If I'm reading the signs correctly, your working demo is at maps.google.com
Remember a couple weeks (months?) ago when google changed their maps from being a flat Cartesian style to having a more polar spherical look to them as you actually moved away from the surface of the earth? This is the library responsible for that.
As far as I know, the map tiles google serves are still in mercator projection -- it's just that mercator was always designed to be projected onto a sphere, not a plane, so now it looks better.
What S2 is, is a better way of representing sets of coordinates within GIS systems, such that searching for features that are close to each other, or within a complex polygon, can be performed much quicker than with other coordinate reference systems ie. floating point latitude/longitude pairs. They're storing points on a 3D sphere (unit vectors) as easily subdivisible 64-bit integers which have a logical order which is much faster to index / iterate over nearby areas.
Makes sense for applications like google maps; "find local businesses near point X,Y" etc.
The mercator projection is designed to project a ~sphere onto a plane. The distorted tiles are now being redistorted to drape the plane back onto the sphere.
Yeah I don't actually know if I was using the right terminology. Most of what I wrote in that comment stemmed from me asking a friend 'Hey, so that thing you work on -- looks less flat and more round. What's up with that?'
If I remember correctly, he also mentioned something about the same project being responsible for better stitching and less overlaps/voids in the map.
Thanks for explaining though, helped me understand things a bit better.
Are you sure? I just checked for myself, but (on the google maps version I am served) the south pole is still shows as a black hole when zoomed out far enough that the earth is rendered as a sphere. Also the elongated shape of the tiles near the poles looks an awful lot like a mercator projection.
Pretty sure?

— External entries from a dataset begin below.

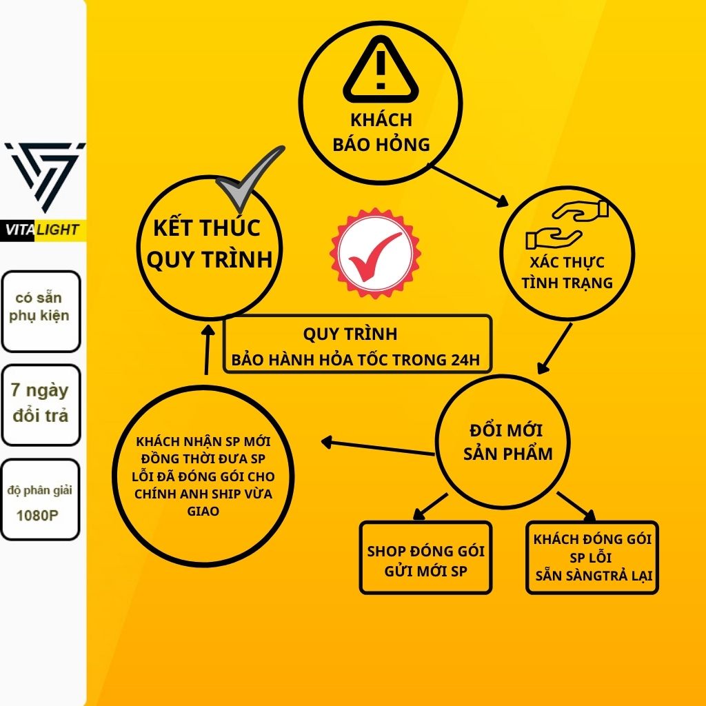 Khách hang báo hỏng > Vitalight xác nhận hỏng > Vitalight gửi ngay sản phẩm mới> khách hàng đóng gói sp lỗi > shiper giao đồ mới > khách nhận đồ mới, giao lại đồ hỏng. Tất cả cam kết hỏa tốc và miễn phí ship bảo hành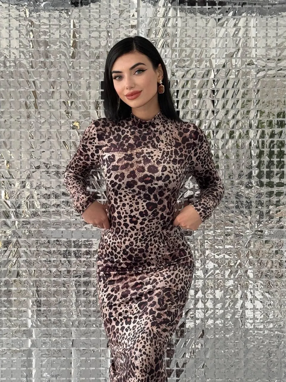 فستان قصير مزين بطبعة شمس وياقة دائرية كلاسيكية وأكمام طويلة، مثالي للطلعات الكاجوال أو الفعاليات النهارية المشمسة التي تضفي حيوية وأناقة.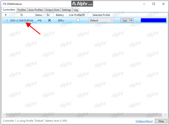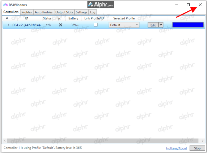 Luncurkan “DS4Windows.” Pengontrol Anda seharusnya sudah terdeteksi.Putuskan sambungan pengontrol Anda dan matikan “ DS4Windows.”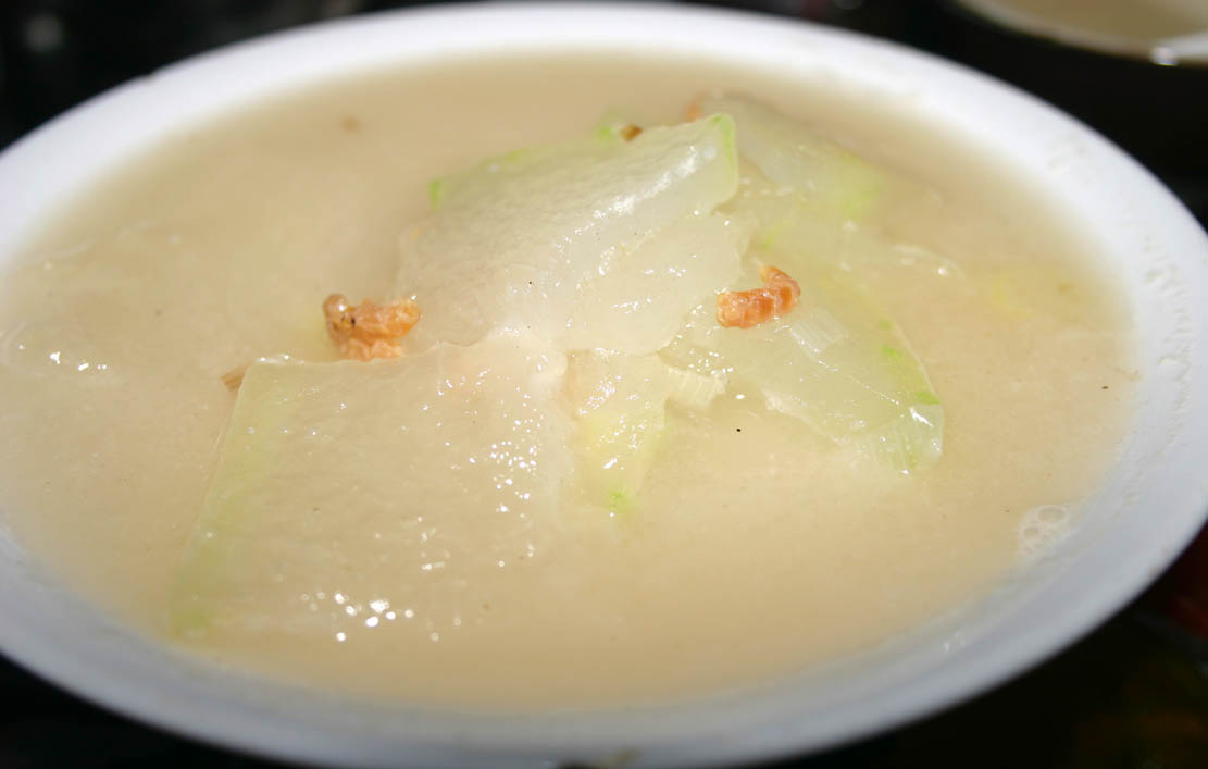 1、冬瓜茨仁糖水 用鲜老冬瓜(连皮)一斤,生茨仁三两,黄糖适量。先将老冬瓜洗净切大件,加上洗净的生茨仁放进瓦煲内煲一小时,然后加黄糖,待饮用。汤中老冬瓜甘清微寒,功能清热解暑,生津止渴。生茨仁,但淡利湿,黄糖清热生津。合而用之则可解暑清热,去暑湿。 2、荷叶冬瓜煲老鸭汤 用鲜荷叶一块,鲜老冬瓜一斤至斤半,老鸭公肉半斤。将上三样食品洗净,同放进瓦煲内,加清水适量煲汤,食盐调味,饮汤食冬瓜鸭肉。汤中鲜荷叶清暑利湿,冬瓜清热解暑,老雄鸭能滋阴养血,益胃生津。三者合用既能清热解暑去湿又能益胃生津。 3、石膏豆腐菜干汤 同生石膏二,鲜豆腐半斤,白菜干三两。先将石膏稍为打碎,然后用水洗净白菜干并作短时间浸泡。将三样食物共同放过瓦煲内加入适量清水煲汤。煲至豆腐块出现峰巢样小洞即可。加食盐少许调味饮汤。 (责任编辑:admin) |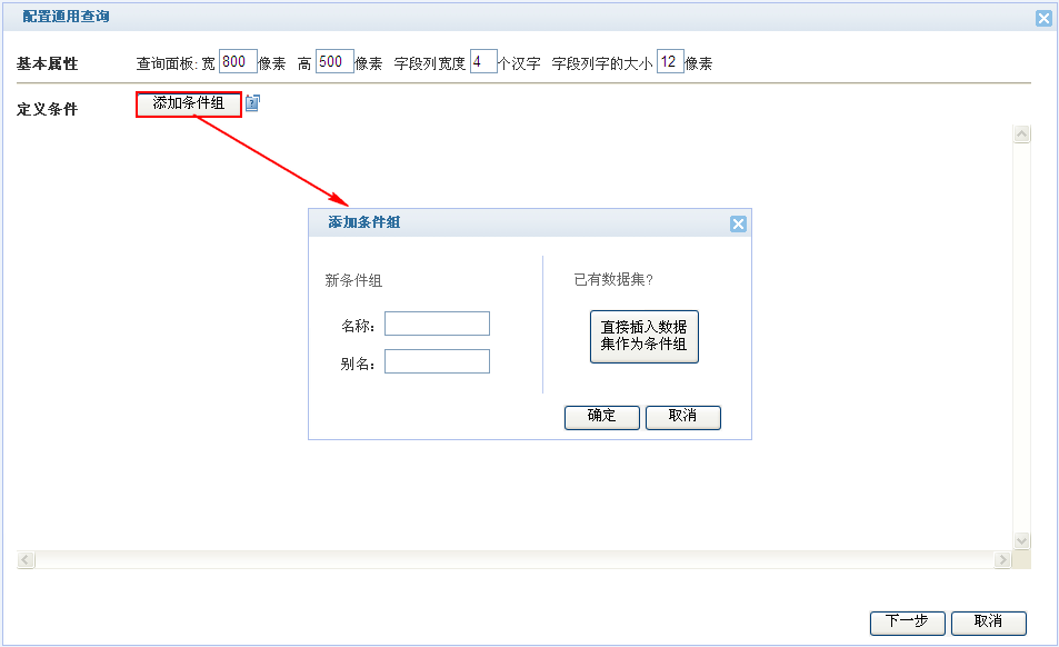 在“添加条件组”页面可以设置基本属性。基本属性用于设置排列查询条件和查看面板的宽度、高度、查询条件名称的显示长度、查询条件名称的字体大小。添加条件的方式有两种,一种是将现有数据集直接作为条件组使用,另一种是自定义条件组,无论使用那种方式都可以添加多个条件组。

I'm just going off a cursory examining of the github repo linked on the website from the OP and a conversation I had in passing with a friend who works on the google maps team.
Also, I'm not a mathematician and everything I know about computer science (and most of math for that matter) I've taught myself or learned on the job. So... maybe I'm using the wrong terminology?
I'm 98% certain the library is the same one currently used on google maps web app.
Remember a couple weeks (months?) ago when google changed their maps from being a flat Cartesian style to having a more polar spherical look to them as you actually moved away from the surface of the earth? This is the library responsible for that.